ACTIVE PHAMACEUTICAL INGREDIENT SPECIFICATION
ACECLOFENAC
IP
Synonyms : [[[2-[(2,6-Dichlorophenyl)amino]phenyl]acetyl]oxy]acetic acid.
SAMPLING AND HANDLING
STORAGE REQUIREMENT
Store protected from light.
SAMPLING
Carry out the sampling as per SOP
QUANTITY OF COMPOSITE SAMPLE FOR ANALYSIS
15 g
QUANTITY OF RESERVE SAMPLE
2 x 15 g
RETEST PERIOD
One year
HAZARDS AND PRECAUTIONS, IF ANY
Use hand gloves and nose mask while sampling.
DISPOSITION OF ANALYTICAL SAMPLE
Carry out disposition of analytical sample as per SOP
STANDARDS
Molecular Formula: C16H13Cl2 NO4 Molecular weight : 354.20
DESCRIPTION: A White or almost white, crystalline powder.
SOLUBILITY: Freely soluble in acetone, Soluble in alcohol, chloroform; practically insoluble in water.
IDENTIFICATION:
Test A may be omitted if tests B and C are carried out. Tests B and C may be omitted if test A is carried out.
A] The infrared absorption spectrum of the residue is concordant with the reference spectrum of aceclofenac or with the spectrum obtained from aceclofenac RS.

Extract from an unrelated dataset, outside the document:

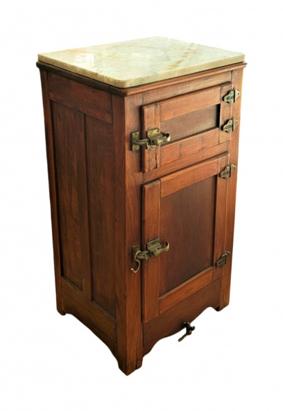 • Vintage - Antiga geladeira frigorífica dos anos 20/30, com funcionamento a partir do uso de barras de gelo, caixa de madeira nobre e tampo em mármore sendo um superior onde se colocava o gelo e o outro inferior onde se armazenava os alimentos. Med. 38 x 45 x 90 cm  (Marcas do tempo e de uso, no estado)

B] When examined in the range of 220 nm to 370 nm, the 0.002% w/v solution in methanol shows an absorption maximum at 275 nm.
C] A blue colour develops and a precipitate is formed.
RELATED SUBSTANCES: In the chromatogram obtained with test solution, the area of any secondary peak it not more than 0.5 times the area of peak in the chromatogram obtained with reference solution (b) (0.5%) and the sum of areas of all secondary peaks is not more than the area of the peak in the chromatogram obtained with the reference solution (b) (2.0%).
HEAVY METALS: Not more than 10 ppm.
SULPHATED ASH: Not more than 0.1%
LOSS ON DRYING: Not more than 0.5% w/w
ASSAY: Aceclofenac contains: Not less than 99.0% and not more than 101.0%, calculated with reference to the dried substances.
Note: * Represents test to be carried out while retesting.
TESTS AND METHODS
DESCRIPTION: Examine the composite samples and note the observations.
SOLUBILITY:
Freely soluble in acetone (1 g in 10 ml)
Soluble in methanol (1 g in 30 ml)
Practically insoluble in water (0.01 gm in 100 ml and over)
IDENTIFICATION:
Test A may be omitted if tests B and C are carried out. Tests B and C may be omitted if test A is carried out.
A) The infrared absorption spectrum of the residue is concordant with the reference spectrum of aceclofenac or with the spectrum obtained from aceclofenac RS.
B) When examined in the range of 220 nm to 370 nm, the 0.002% w/v solution in methanol shows an absorption maximum at 275 nm.
C) Dissolve about 10 mg in 10 ml of alcohol R. To 1 ml of the solution, add 0.2 ml of a mixture, prepared immediately before use, of equal volumes of a 6 g/l solution of potassium ferricyanide R and a 9 g/l solution of ferric chloride R. Allow to stand protected from light for 5 min. Add 3 ml of a 10.0 g/l solution of hydrochloric acid R. Allow to stand protected from light for 15 min. A blue colour develops and a precipitate is formed.
RELATED SUBSTANCES: By Liquid chromatography
Prepare the solutions immediately before use.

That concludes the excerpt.